▶ [What needs to be done]: All of the data is to be written out again exactly, without the pictures.

▶ [Supplied data]:
......
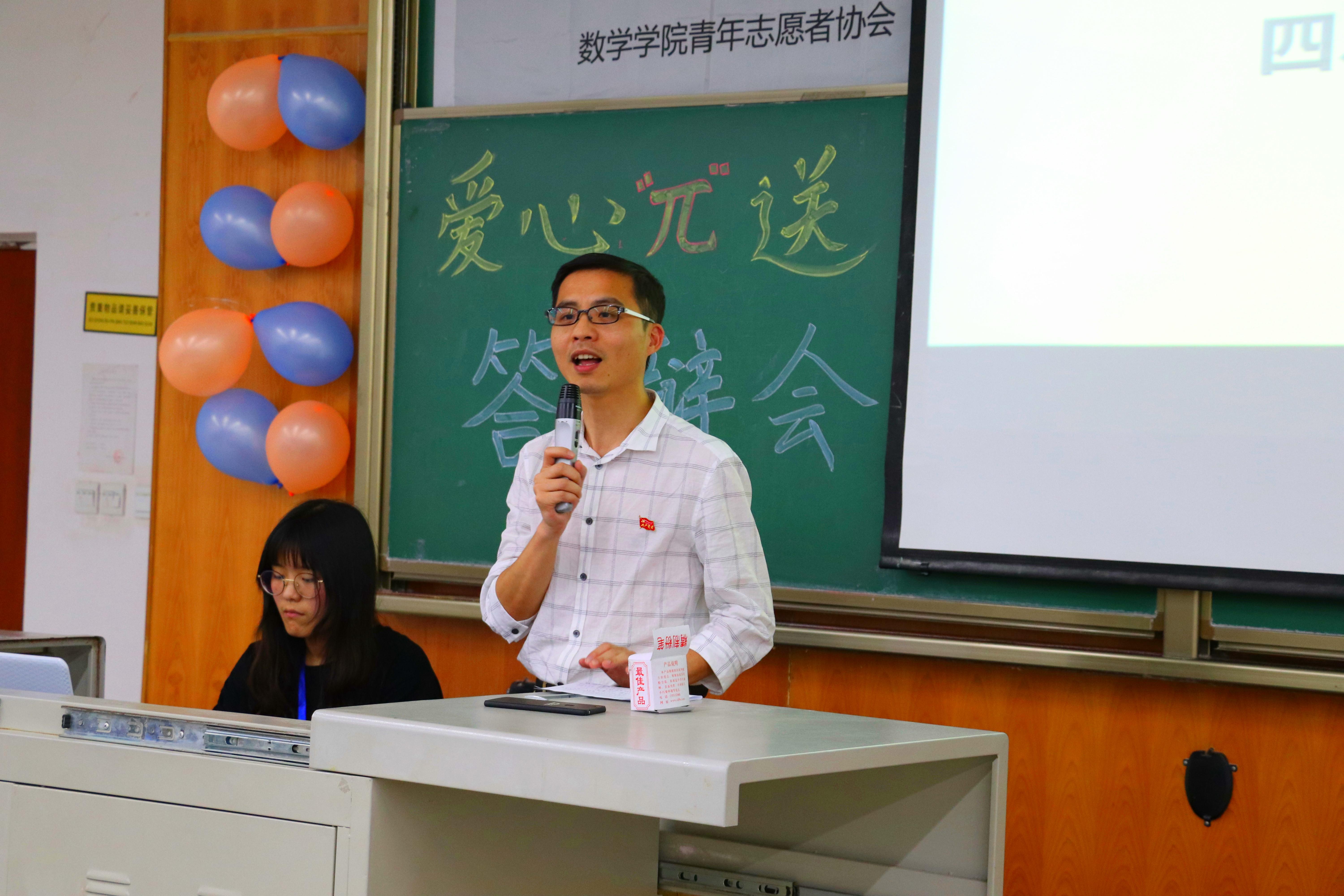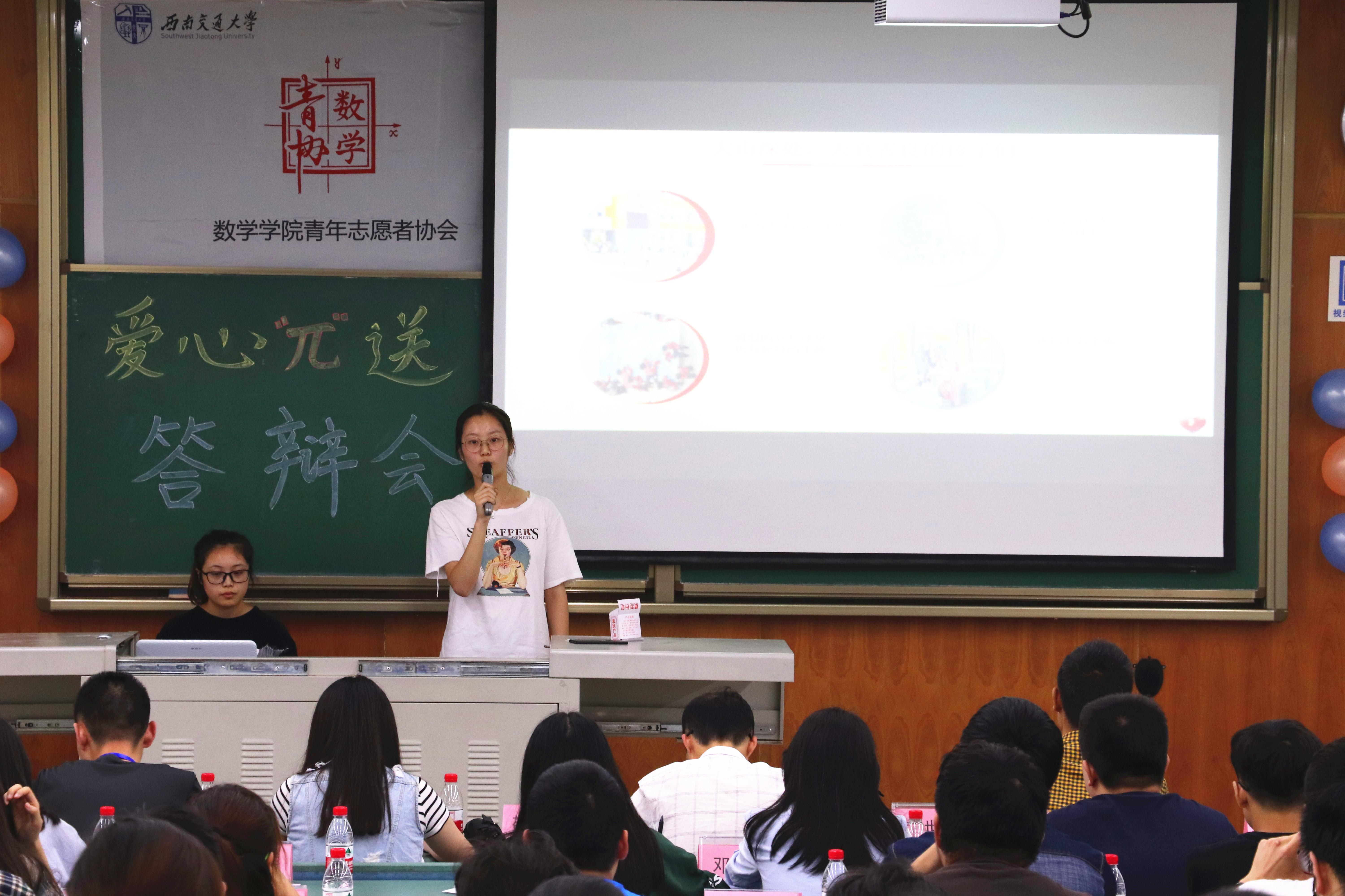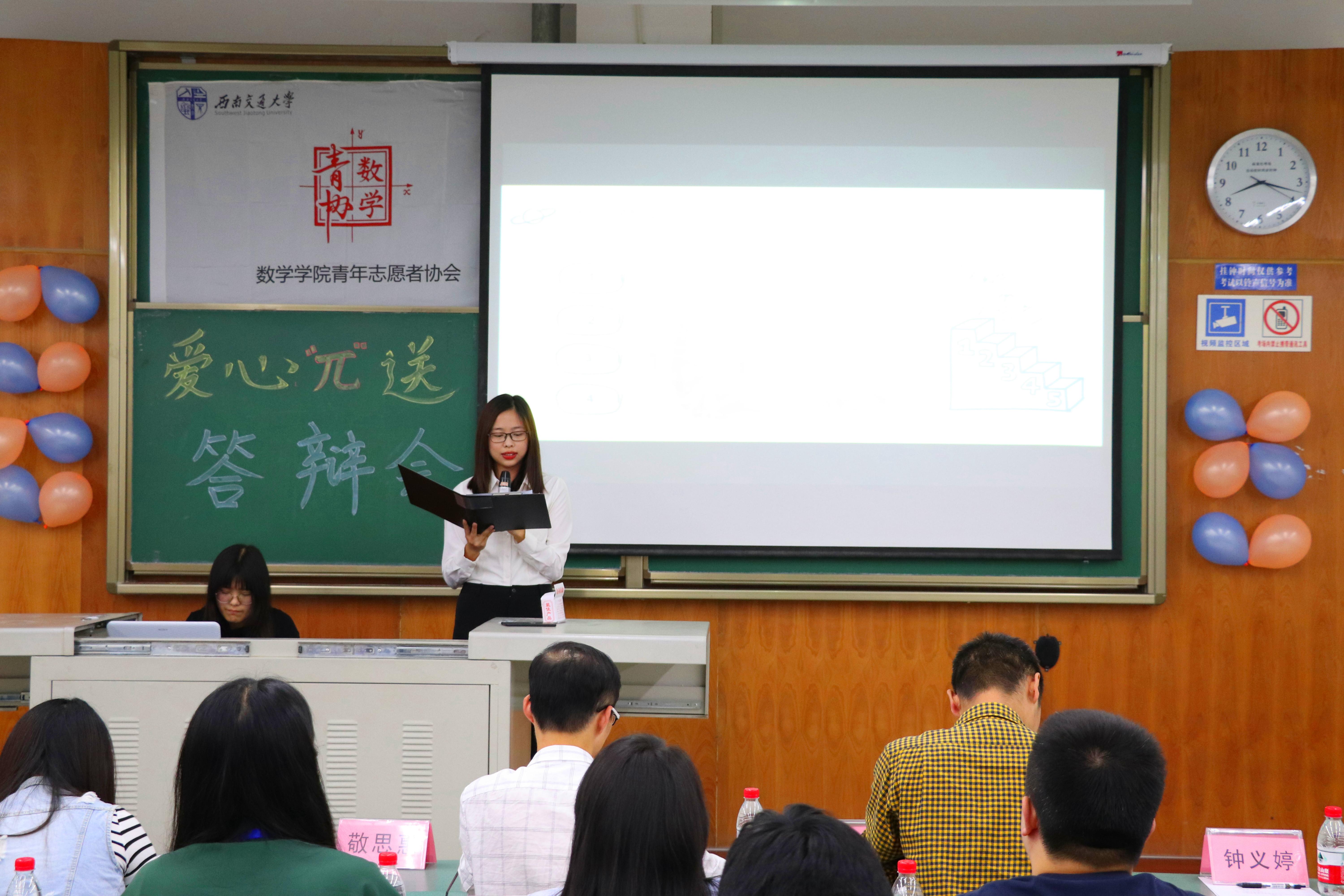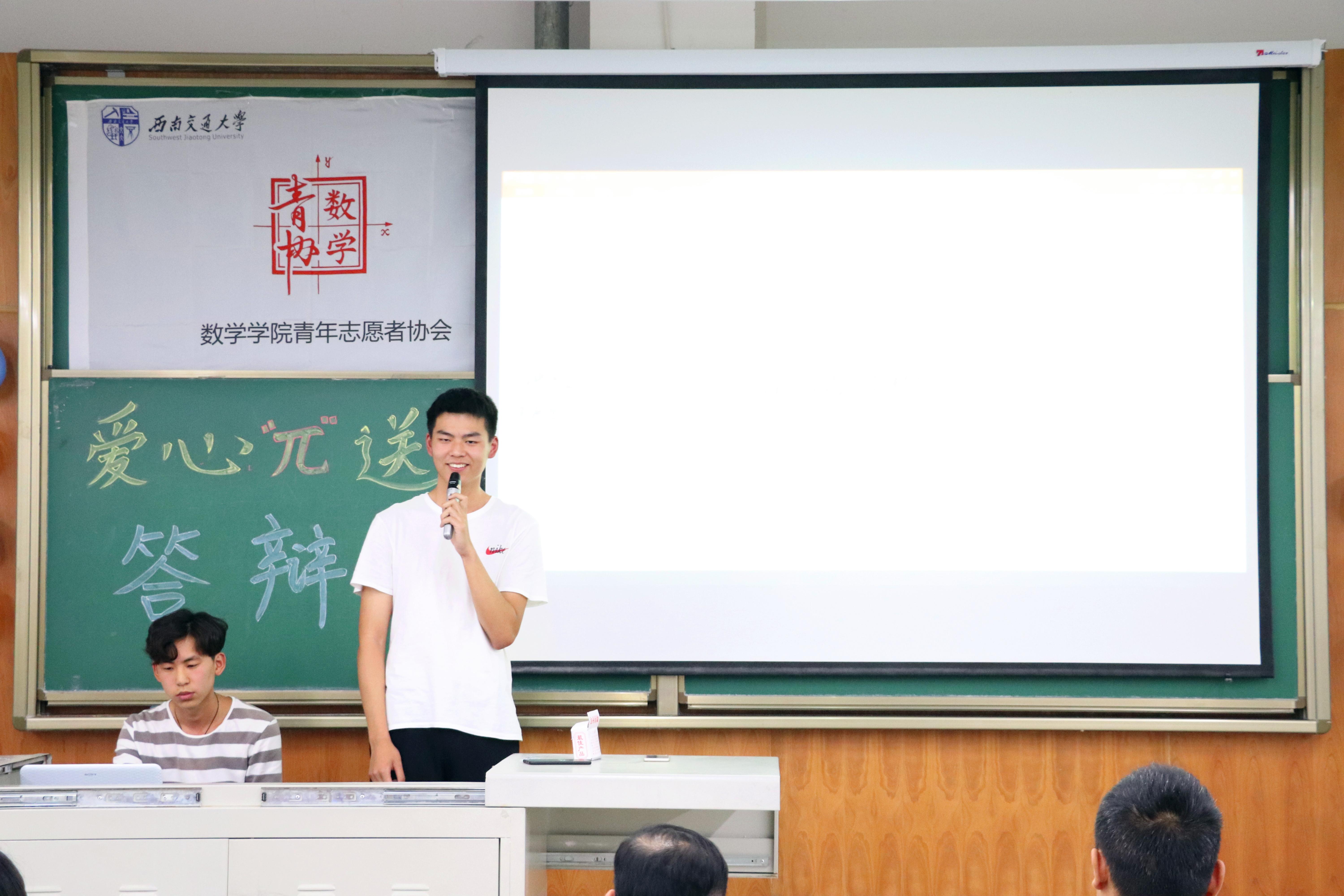 5月24日晚上7:30,2138cc太阳集团青年志愿者协会在X4153举办了主题为“爱心π送”的支队“1+1”答辩会。出席本次答辩会的有:2138cc太阳集团党委杨育鸿副书记,数院青协指导老师敬思惠老师,辅导员丰世隆老师,西南交大社团联合会黄梓幸理事,青年志愿者协会秦天宇主席、王汇川副主席,数院学生会、新闻中心主席,以及土木、建筑等院青协主席。
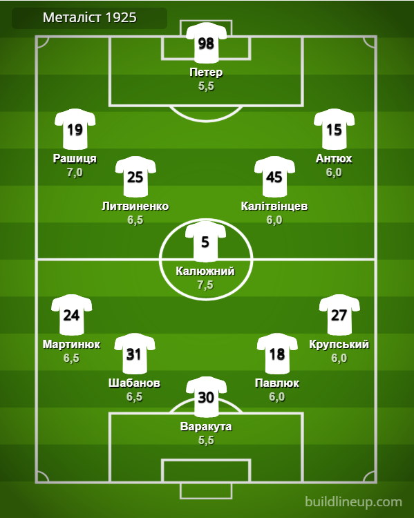 «Металіст 1925»: Варакута – Мартинюк, Шабанов, Павлюк, Крупський – Литвиненко (Чурко, 89), Калюжний, Калітвінцев (Панченко, 80) – Рашиця (Когут, 80), Петер (Мба, 60), Антюх (Гаджиєв, 89).
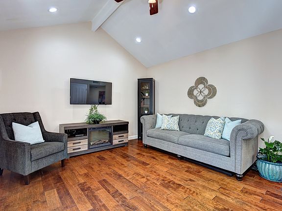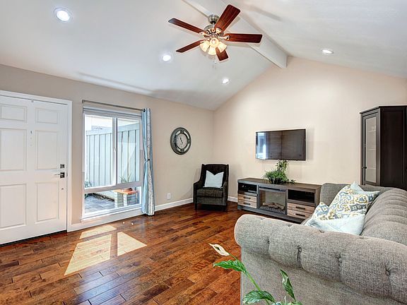 Bright, beautifully remodeled 1,147 sq. ft. 3-bedroom, 2-bath single-level townhome within walking distance to top schools, parks and downtown Pleasanton. No shared walls in living areas! The floor plan offers living and dining rooms, a gorgeous fully-equipped kitchen, nice-sized bedrooms and remodeled baths. Highlights include granite countertops, dual-pane vinyl windows, custom cherry cabinetry, recessed lighting, vaulted ceiling, ceiling fans, hardwood and tight-weave carpeted flooring, newer central A/C, tankless water heater, water softener and an oversized 2-car garage with storage. The smartly landscaped private front and rear patios are the perfect places to relax or play. And you're sure to enjoy the nearby community pool and Arroyo Del Valle walking trail. A rare, exciting find!
......
▶ [Written answer]:
 5月24日晚上7:30,2138cc太阳集团青年志愿者协会在X4153举办了主题为“爱心π送”的支队“1+1”答辩会。出席本次答辩会的有:2138cc太阳集团党委杨育鸿副书记,数院青协指导老师敬思惠老师,辅导员丰世隆老师,西南交大社团联合会黄梓幸理事,青年志愿者协会秦天宇主席、王汇川副主席,数院学生会、新闻中心主席,以及土木、建筑等院青协主席。
 «Металіст 1925»: Варакута – Мартинюк, Шабанов, Павлюк, Крупський – Литвиненко (Чурко, 89), Калюжний, Калітвінцев (Панченко, 80) – Рашиця (Когут, 80), Петер (Мба, 60), Антюх (Гаджиєв, 89).
 Bright, beautifully remodeled 1,147 sq. ft. 3-bedroom, 2-bath single-level townhome within walking distance to top schools, parks and downtown Pleasanton. No shared walls in living areas! The floor plan offers living and dining rooms, a gorgeous fully-equipped kitchen, nice-sized bedrooms and remodeled baths. Highlights include granite countertops, dual-pane vinyl windows, custom cherry cabinetry, recessed lighting, vaulted ceiling, ceiling fans, hardwood and tight-weave carpeted flooring, newer central A/C, tankless water heater, water softener and an oversized 2-car garage with storage. The smartly landscaped private front and rear patios are the perfect places to relax or play. And you're sure to enjoy the nearby community pool and Arroyo Del Valle walking trail. A rare, exciting find!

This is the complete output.